▶ **Task goal**
Could you retype the lines below, starting at the line holding "Natriumbikarbonat baserat pulver" and stopping at the line holding "비오틴(비타민 B7)은 머리카락의", inclusive? Copy them exactly and drop the images.

Data items:

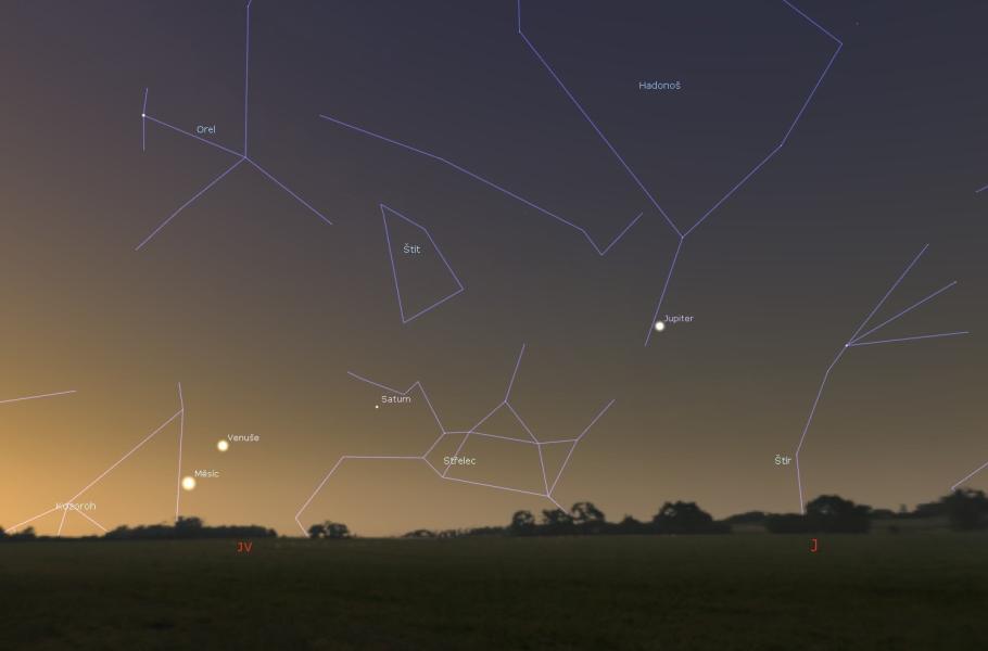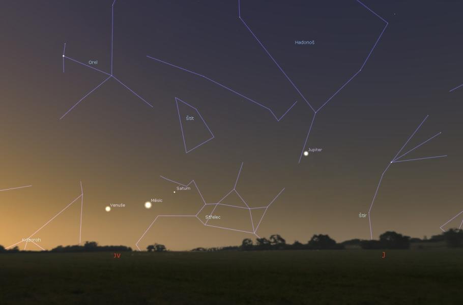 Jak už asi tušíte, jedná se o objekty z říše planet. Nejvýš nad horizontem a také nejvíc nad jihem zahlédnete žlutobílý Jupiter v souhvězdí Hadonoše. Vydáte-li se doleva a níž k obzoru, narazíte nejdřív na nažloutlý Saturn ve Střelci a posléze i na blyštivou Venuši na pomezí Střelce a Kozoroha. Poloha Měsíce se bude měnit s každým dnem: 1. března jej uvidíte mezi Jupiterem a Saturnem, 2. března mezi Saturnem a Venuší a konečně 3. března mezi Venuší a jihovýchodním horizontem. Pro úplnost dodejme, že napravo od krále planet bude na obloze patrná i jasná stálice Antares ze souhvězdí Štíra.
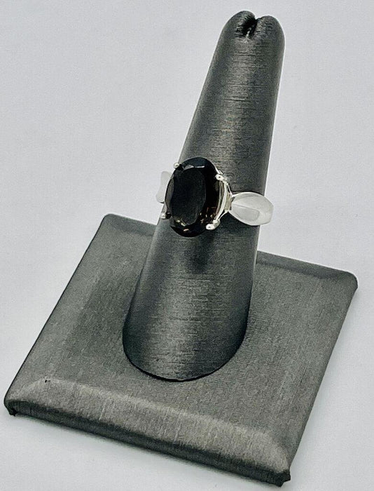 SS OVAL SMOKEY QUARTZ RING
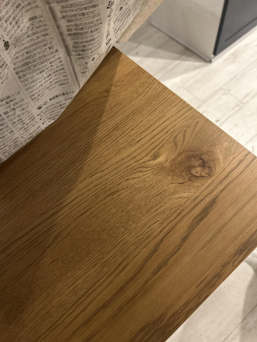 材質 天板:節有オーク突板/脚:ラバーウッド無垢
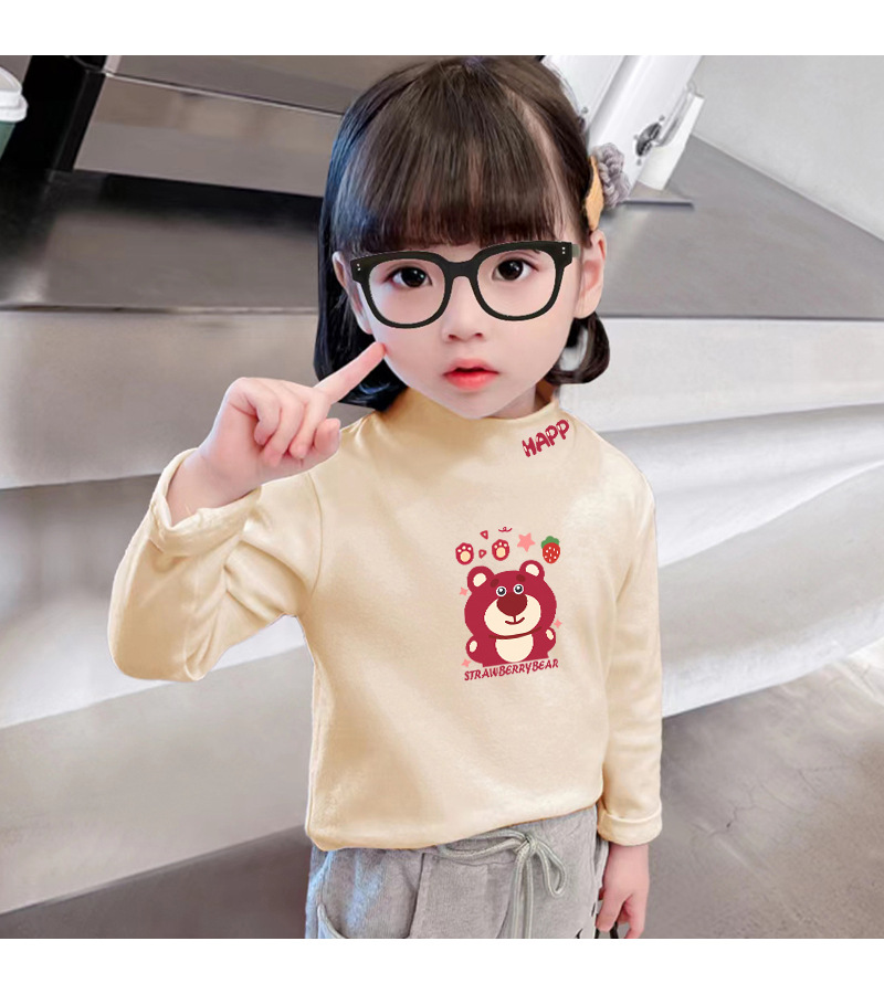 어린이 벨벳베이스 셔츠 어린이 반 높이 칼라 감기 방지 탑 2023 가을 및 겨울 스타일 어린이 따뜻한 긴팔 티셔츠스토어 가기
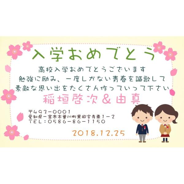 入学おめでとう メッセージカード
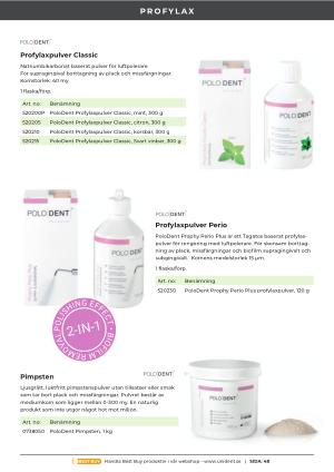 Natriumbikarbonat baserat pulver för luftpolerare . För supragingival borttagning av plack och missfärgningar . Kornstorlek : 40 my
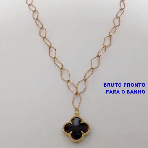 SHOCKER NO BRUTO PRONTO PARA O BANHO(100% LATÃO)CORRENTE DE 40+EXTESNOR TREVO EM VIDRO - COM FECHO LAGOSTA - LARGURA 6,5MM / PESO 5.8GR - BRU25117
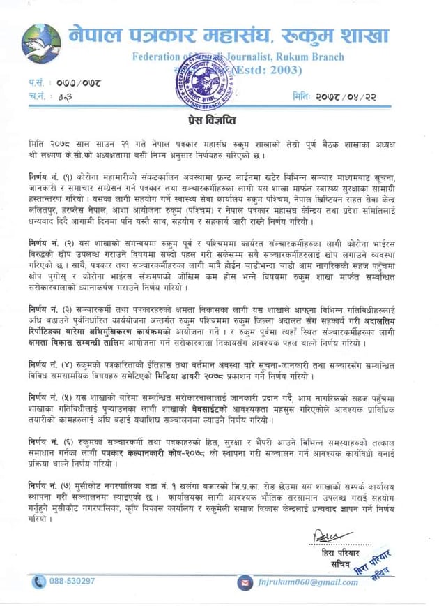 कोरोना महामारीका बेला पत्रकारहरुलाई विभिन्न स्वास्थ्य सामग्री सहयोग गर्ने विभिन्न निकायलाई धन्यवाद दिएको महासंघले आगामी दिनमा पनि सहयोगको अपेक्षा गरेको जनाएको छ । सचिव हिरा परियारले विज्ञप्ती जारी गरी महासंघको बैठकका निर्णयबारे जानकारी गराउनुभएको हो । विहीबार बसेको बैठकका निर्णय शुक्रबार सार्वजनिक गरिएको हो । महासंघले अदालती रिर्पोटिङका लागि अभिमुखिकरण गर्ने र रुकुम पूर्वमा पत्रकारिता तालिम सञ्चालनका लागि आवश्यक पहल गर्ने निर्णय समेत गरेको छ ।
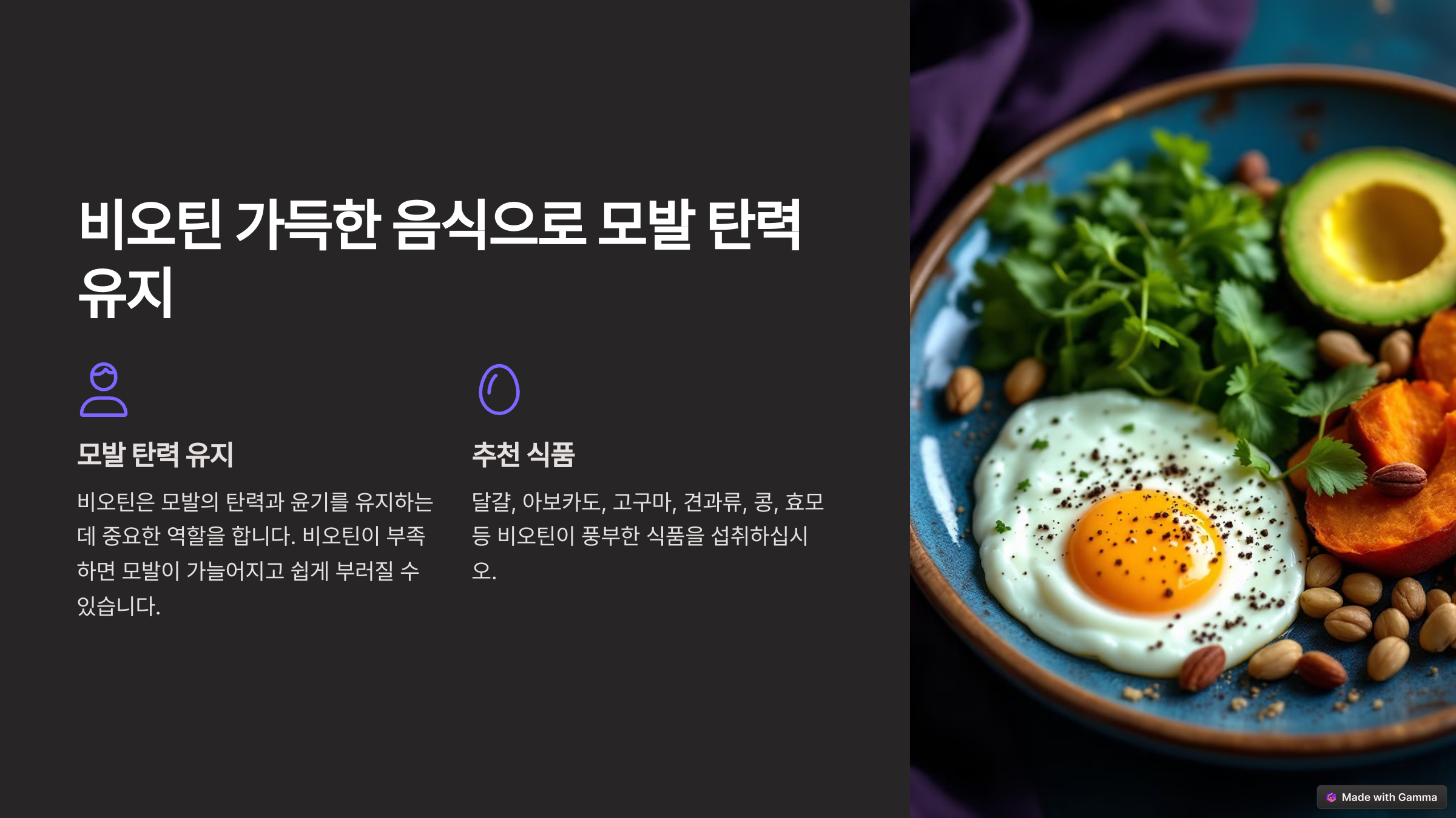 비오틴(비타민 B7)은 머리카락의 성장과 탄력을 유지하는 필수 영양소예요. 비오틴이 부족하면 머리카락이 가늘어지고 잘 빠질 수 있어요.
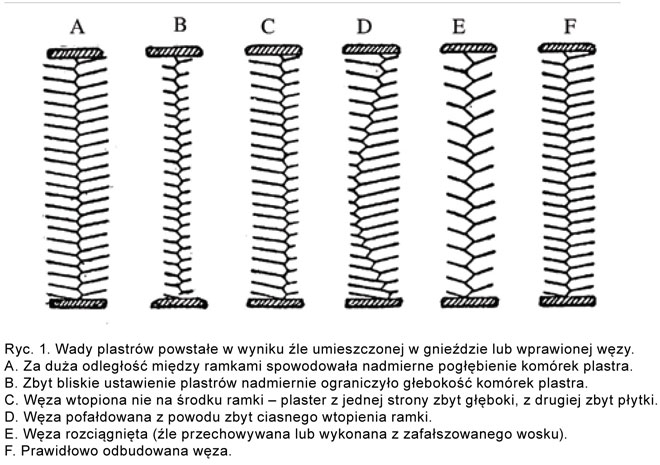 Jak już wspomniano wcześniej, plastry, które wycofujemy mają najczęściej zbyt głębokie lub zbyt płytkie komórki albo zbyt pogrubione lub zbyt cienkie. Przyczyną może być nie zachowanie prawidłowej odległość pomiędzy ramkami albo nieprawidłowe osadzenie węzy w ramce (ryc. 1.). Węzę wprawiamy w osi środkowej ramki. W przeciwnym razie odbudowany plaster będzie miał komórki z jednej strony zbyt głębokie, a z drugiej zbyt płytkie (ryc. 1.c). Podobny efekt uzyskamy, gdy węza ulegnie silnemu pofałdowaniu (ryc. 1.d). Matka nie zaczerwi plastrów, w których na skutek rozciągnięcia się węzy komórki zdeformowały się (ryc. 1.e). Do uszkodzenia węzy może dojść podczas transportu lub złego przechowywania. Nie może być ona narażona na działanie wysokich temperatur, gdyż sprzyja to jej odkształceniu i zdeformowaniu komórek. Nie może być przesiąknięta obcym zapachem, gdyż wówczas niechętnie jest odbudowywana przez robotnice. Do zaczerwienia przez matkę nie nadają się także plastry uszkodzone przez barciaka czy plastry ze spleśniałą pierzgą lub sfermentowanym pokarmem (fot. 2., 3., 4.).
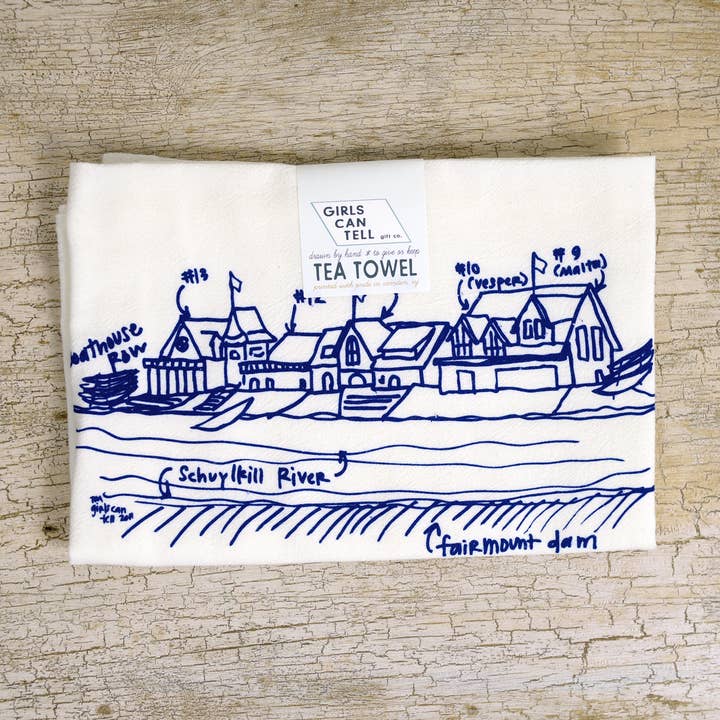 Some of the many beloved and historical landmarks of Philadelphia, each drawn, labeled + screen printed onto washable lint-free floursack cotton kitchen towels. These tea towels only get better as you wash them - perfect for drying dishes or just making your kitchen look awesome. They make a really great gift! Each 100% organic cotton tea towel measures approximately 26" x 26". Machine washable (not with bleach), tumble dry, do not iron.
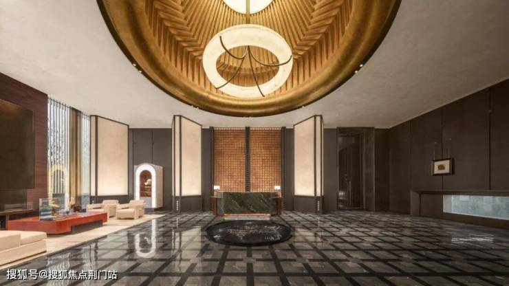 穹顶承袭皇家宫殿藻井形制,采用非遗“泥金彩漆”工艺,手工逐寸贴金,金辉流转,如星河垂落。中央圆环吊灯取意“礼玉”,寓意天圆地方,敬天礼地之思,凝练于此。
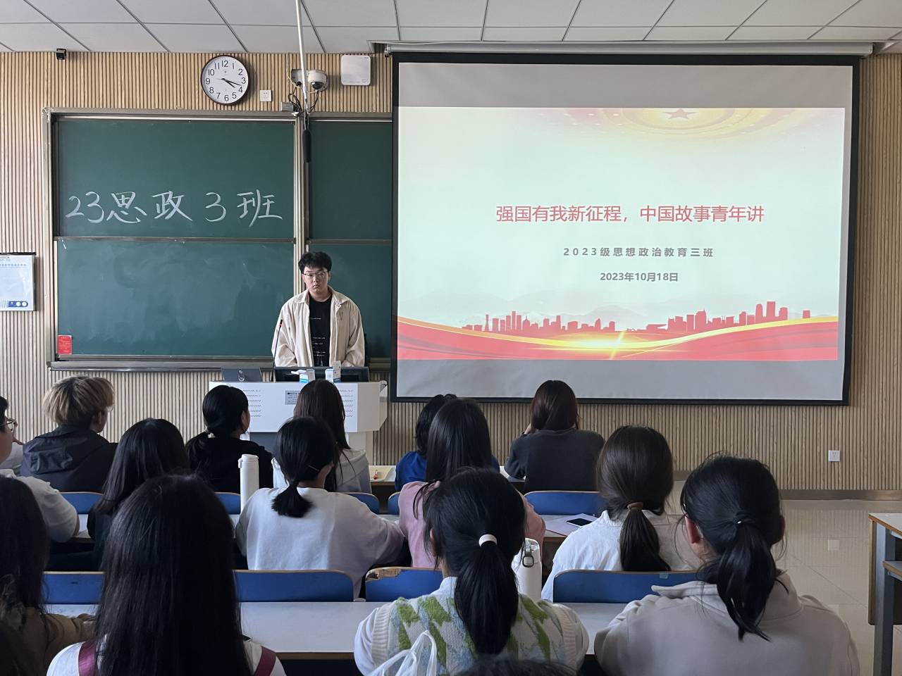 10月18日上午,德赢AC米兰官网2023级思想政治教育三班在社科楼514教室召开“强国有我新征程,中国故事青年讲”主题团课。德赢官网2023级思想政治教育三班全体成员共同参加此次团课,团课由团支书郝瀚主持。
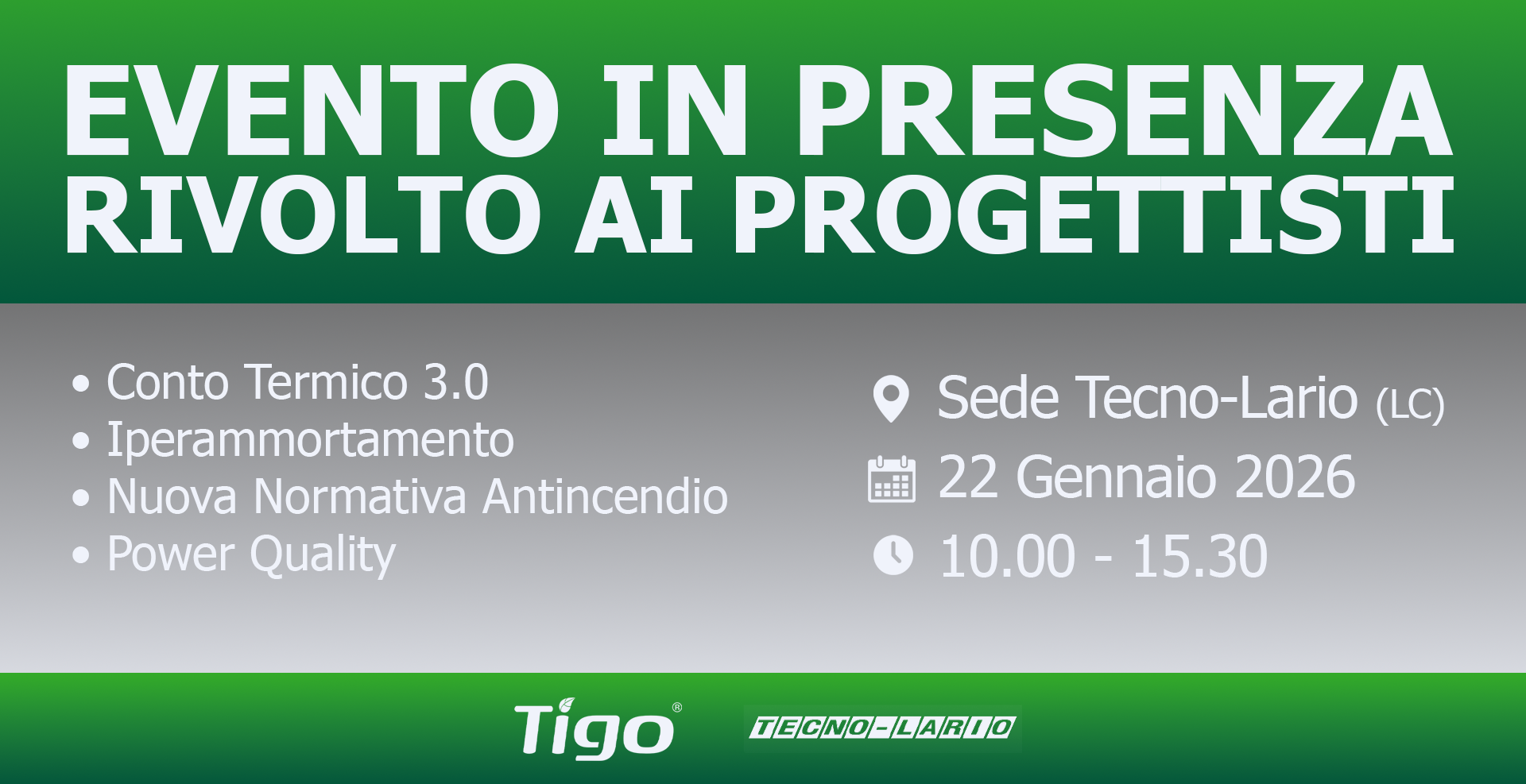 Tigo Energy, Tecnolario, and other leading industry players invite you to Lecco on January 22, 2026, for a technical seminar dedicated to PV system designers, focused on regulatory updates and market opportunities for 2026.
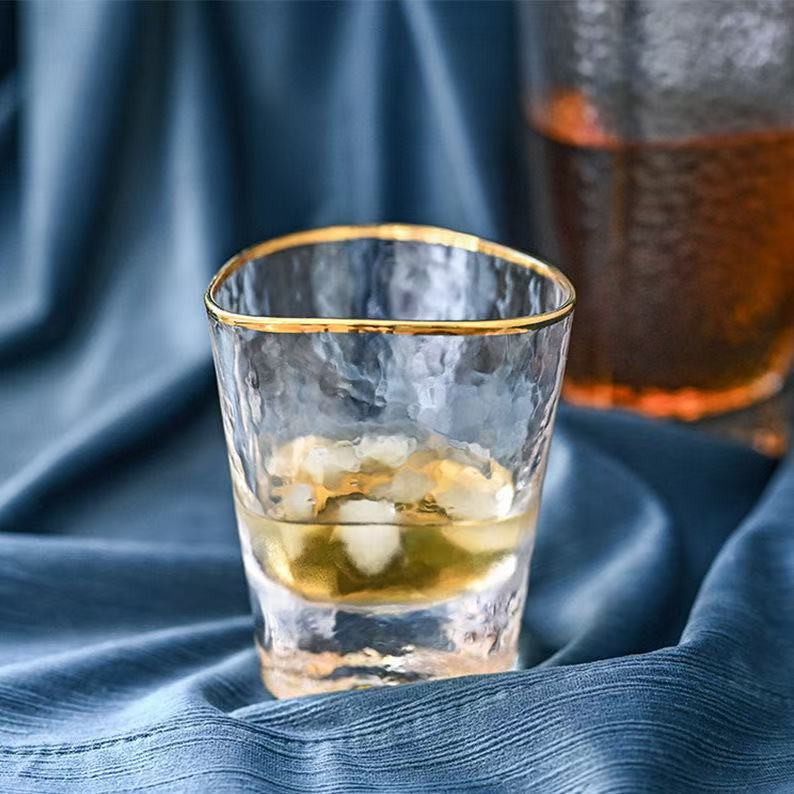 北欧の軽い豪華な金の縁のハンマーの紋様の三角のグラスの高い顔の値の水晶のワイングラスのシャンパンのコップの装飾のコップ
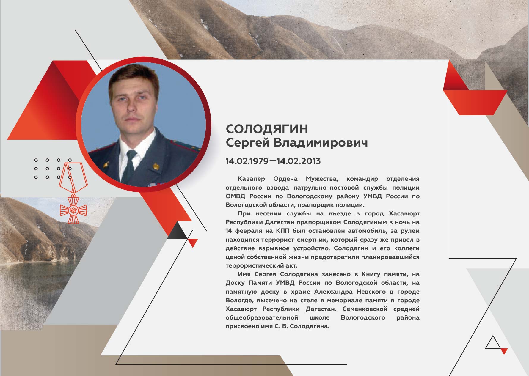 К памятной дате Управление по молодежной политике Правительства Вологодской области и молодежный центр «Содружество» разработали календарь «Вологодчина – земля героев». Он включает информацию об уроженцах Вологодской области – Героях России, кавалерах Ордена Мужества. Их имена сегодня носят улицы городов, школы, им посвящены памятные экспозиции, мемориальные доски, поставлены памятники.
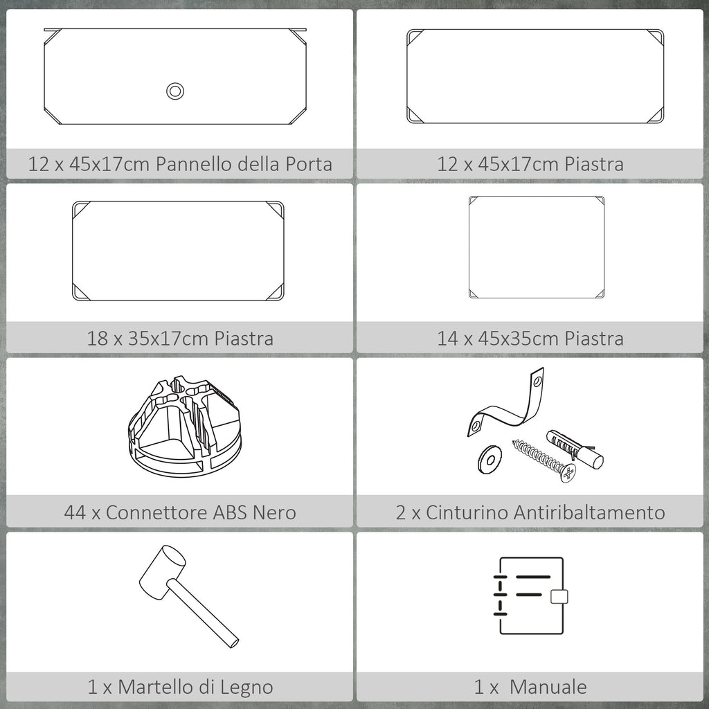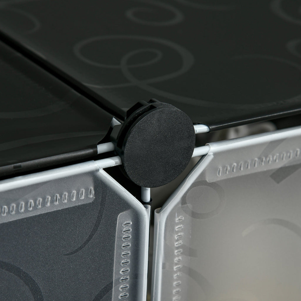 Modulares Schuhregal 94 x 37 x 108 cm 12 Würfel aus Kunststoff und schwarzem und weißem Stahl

▶ **The answer**
 Natriumbikarbonat baserat pulver för luftpolerare . För supragingival borttagning av plack och missfärgningar . Kornstorlek : 40 my
 SHOCKER NO BRUTO PRONTO PARA O BANHO(100% LATÃO)CORRENTE DE 40+EXTESNOR TREVO EM VIDRO - COM FECHO LAGOSTA - LARGURA 6,5MM / PESO 5.8GR - BRU25117
 कोरोना महामारीका बेला पत्रकारहरुलाई विभिन्न स्वास्थ्य सामग्री सहयोग गर्ने विभिन्न निकायलाई धन्यवाद दिएको महासंघले आगामी दिनमा पनि सहयोगको अपेक्षा गरेको जनाएको छ । सचिव हिरा परियारले विज्ञप्ती जारी गरी महासंघको बैठकका निर्णयबारे जानकारी गराउनुभएको हो । विहीबार बसेको बैठकका निर्णय शुक्रबार सार्वजनिक गरिएको हो । महासंघले अदालती रिर्पोटिङका लागि अभिमुखिकरण गर्ने र रुकुम पूर्वमा पत्रकारिता तालिम सञ्चालनका लागि आवश्यक पहल गर्ने निर्णय समेत गरेको छ ।
 비오틴(비타민 B7)은 머리카락의 성장과 탄력을 유지하는 필수 영양소예요. 비오틴이 부족하면 머리카락이 가늘어지고 잘 빠질 수 있어요.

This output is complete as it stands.